Observed startup log:

No interface-apps mapping found in local cache, stop subscribing, will automatically wait for mapping listener callback:
... group=cbsp-limt1&interface=com.szfesc.cbsp.limt.api.LimitReProcServiceApi ...

After that, mapping callback and Nacos app subscription logs can still be observed, for example:

[DUBBO] Received mapping notification from meta server, {serviceKey: com.szfesc.cbsp.limt.api.LimitReProcServiceApi, apps: [cbsp-limt1]}
[SUBSCRIBE-SERVICE] service:cbsp-limt1, group:RPC_GROUP, clusters:
new ips(1) service: RPC_GROUP@@cbsp-limt1 -> [...]

However, one concrete consumer reference may still remain unavailable in qos output:

As Consumer side:
+---------------------------------------------------------+----------+
|                  Consumer Service Name                  |    NUM   |
+---------------------------------------------------------+----------+
|cbsp-limt1/com.szfesc.cbsp.limt.api.LimitReProcServiceApi|nacos-A(0)|
+---------------------------------------------------------+----------+
|cbsp-limt2/com.szfesc.cbsp.limt.api.LimitReProcServiceApi|nacos-A(2)|
+---------------------------------------------------------+----------+

Restarting the consumer process makes it recover.

Important observation

For the affected reference, I do NOT see the final address notify log:

Notify service cbsp-limt1/com.szfesc.cbsp.limt.api.LimitReProcServiceApi:tri with urls ...

This suggests the affected concrete reference may not be successfully attached into the final application-level notify chain, even though mapping callback and Nacos app-level subscription do happen.

What you expected to happen

I expect that after mapping callback arrives, all concrete consumer references of the same interface in the JVM should eventually complete the application-level subscribe flow and receive address notifications correctly.

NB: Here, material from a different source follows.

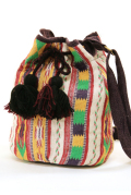 ▲赤や黄色に緑などカラフルなエスニック柄。フサ付きの紐でバッグの口を閉じます。しっかりした厚手の生地で手触りも良し。

In the example above, both references should eventually become non-zero in qos output, instead of one staying at nacos-A(0) permanently until restart.

Anything else

Why I think this is a Dubbo bug instead of a user configuration problem

  • Providers are visible and healthy in Nacos.
  • Other references in the same JVM are normal.
  • The issue only affects one concrete reference while another reference of the same interface in the same process works.
  • Restarting the consumer fixes it.
  • This behavior looks like a startup race / recovery issue in application-level service discovery.

Relevant logs

Startup entered mapping-miss path:

No interface-apps mapping found in local cache, stop subscribing, will automatically wait for mapping listener callback:
... group=cbsp-limt1&interface=com.szfesc.cbsp.limt.api.LimitReProcServiceApi ...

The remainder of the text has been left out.